Survivors must have access to different types of services based on their needs and wishes. These include health care, psychological support, police and security support, legal aid, access to justice, reintegration and financial support.
Operating Ethically – and Effectively
In gender-based violence prevention and response work, we also distinguish between programming, mainstreaming and coordination. Programming means direct service delivery, mainstreaming obliges all of us to address the problem, not just those who work in the field. Coordination brings all this work together to ensure that the system is working properly.
Data collection is critical to our work – and in fact we are often asked to demonstrate that gender-based violence is even a problem at all, and to document cases, even if it violates principles of confidentiality. We do not need additional evidence to prove that violence is taking place, especially in emergency settings. We have an obligation to act.
Still, documentation is crucial, provided that the benefits to survivors outweigh the risks and that the methodology ensures safety and full compliance with ethical guidelines.
Standard Operating Procedures help guide our work. These are specific processes and agreements among organisations entailing minimum standards for prevention and response. Creating procedures can be lengthy, but the process itself is an intervention in that building consensus can also build capacity, improve communications, and solidify partnerships.

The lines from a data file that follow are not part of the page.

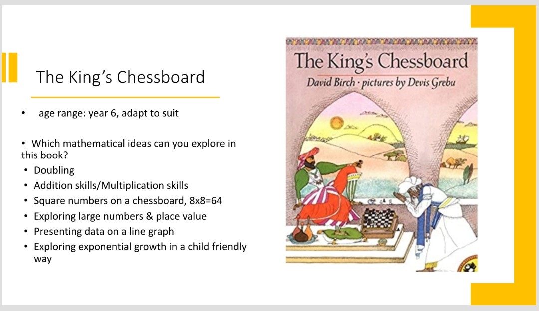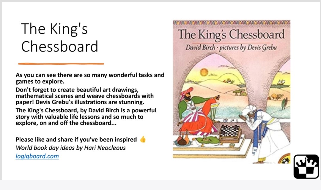 Today I’m sharing a book that I love as a maths teacher and chess teacher. The King’s Chessboard, by David Birch, illustrated by Devis Grebu is a wonderful story for the week.
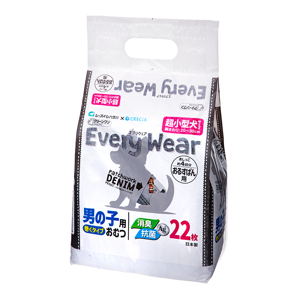 | 特長 | ●超小型犬の男の子におすすめな、巻くタイプのおむつです。 ●消臭・抗菌効果を期待できる「機能性セルロースナノファイバー」を採用しています。 ●全面通気シートでムレを防いで、サラサラな付け心地を維持します。 ●小型犬のおしっこ約4回分(約120cc)を安心吸収するスリムタイプです。 ●おしゃれなデニムデザインで、愛犬とのおるすばん時間も気分が上がります。 |
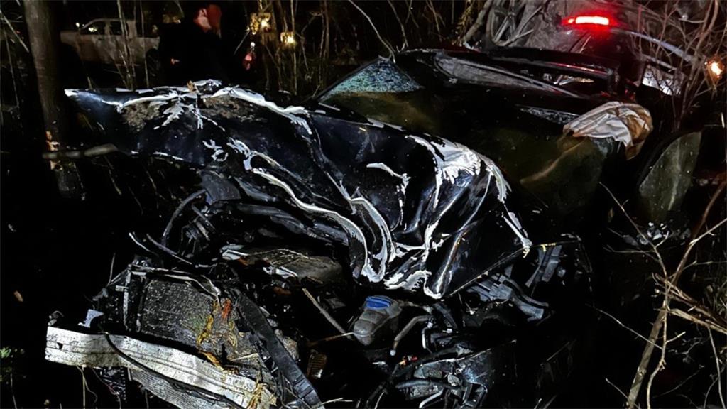 车辆撞上一根电线杆并分成两半。

Protecting Women in Emergencies
Preventing gender-based violence, and caring for survivors is a challenge across the world. But in emergency situations, such as conflict or natural disasters, the problem gets worse.
Emergencies are undoubtedly more dangerous for women and girls. Existing vulnerabilities and inequalities are exacerbated, and women are deliberately targeted. Gender-based violence increases in such settings because communities are disrupted, populations are moving, and there are no systems of protection or support.

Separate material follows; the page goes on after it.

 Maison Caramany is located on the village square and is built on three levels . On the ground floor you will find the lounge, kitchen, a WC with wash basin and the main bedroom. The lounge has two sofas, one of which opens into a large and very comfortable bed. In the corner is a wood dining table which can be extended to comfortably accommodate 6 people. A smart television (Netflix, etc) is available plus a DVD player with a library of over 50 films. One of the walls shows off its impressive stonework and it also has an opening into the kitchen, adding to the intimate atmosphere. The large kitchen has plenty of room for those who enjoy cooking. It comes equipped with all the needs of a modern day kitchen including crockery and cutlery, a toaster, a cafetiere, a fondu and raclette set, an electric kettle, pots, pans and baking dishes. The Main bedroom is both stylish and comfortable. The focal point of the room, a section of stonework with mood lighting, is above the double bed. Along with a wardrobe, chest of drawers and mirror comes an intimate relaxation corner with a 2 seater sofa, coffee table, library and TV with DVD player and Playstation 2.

As such, emergency services must be flexible. Gender-based violence prevention and response interventions are not an add-on, they are essential from the onset of all emergencies.

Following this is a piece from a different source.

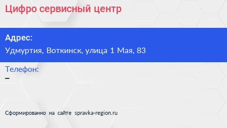 Цифро, сервисный центр по адресу Удмуртия, Воткинск, улица 1 Мая, 83 в дальнейшем Организация, размещена в следующих категориях:
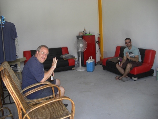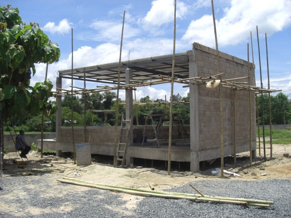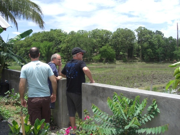 After being able to sleep in a bit, we met up with Ian, Tee and Richie at Ginny’s Cafe at 11am to head out for a day we had eagerly planned for earlier in the week. Tee had arranged for an air con mini van to pick us up and take us out to their land in Mae Rim so we could see the progress they are making with their building. Ian’s man cave is built, there is a bathroom and kitchen and Tee’s woman cave is in progress. The restaurant is next, then the house and pool will be started by October (they hope). After that, they are going to build 5 or 6 more bungalows to rent out….

Peacekeeper Major General Patrick Cammaert has famously said: “It is now more dangerous to be a woman than a soldier in modern conflicts”. Rape is used as a weapon of war, and women’s bodies are battlegrounds.
In natural disasters, women are no safer. There are more female fatalities during disastersand greater risks in the immediate aftermath of disasters. Disaster risk response works to take prevention and protection of women and girls into account.
We must assume gender-based violence is taking place in any emergency context and all humanitarian personnel should treat it as a serious and life-threatening protection issue, taking actions to minimise risk regardless of the presence or absence of concrete evidence.
While know what we must do about gender-based violence in emergencies, challenges to prevention and response remain great. Services and support are scarce in contexts of ongoing insecurity, such as the wars in Yemen and Syria). Meanwhile, aid workers risk their own safety and can be survivors of gender-based violence themselves in the context of their work.
Conflicts are increasingly regional, rather than national in nature, and solutions need to move beyond borders. Fundamentalism continues to restrict women’s freedom and inflict increasing abuses. Funding is woefully short – and short-term, despite the long-term natureof emergencies.
In Lebanon and many other Arab countries, there is still a great deal of work to do to end the scourge of gender-based violence. We have all the evidence and information required to make this happen. What we need now are resources and action.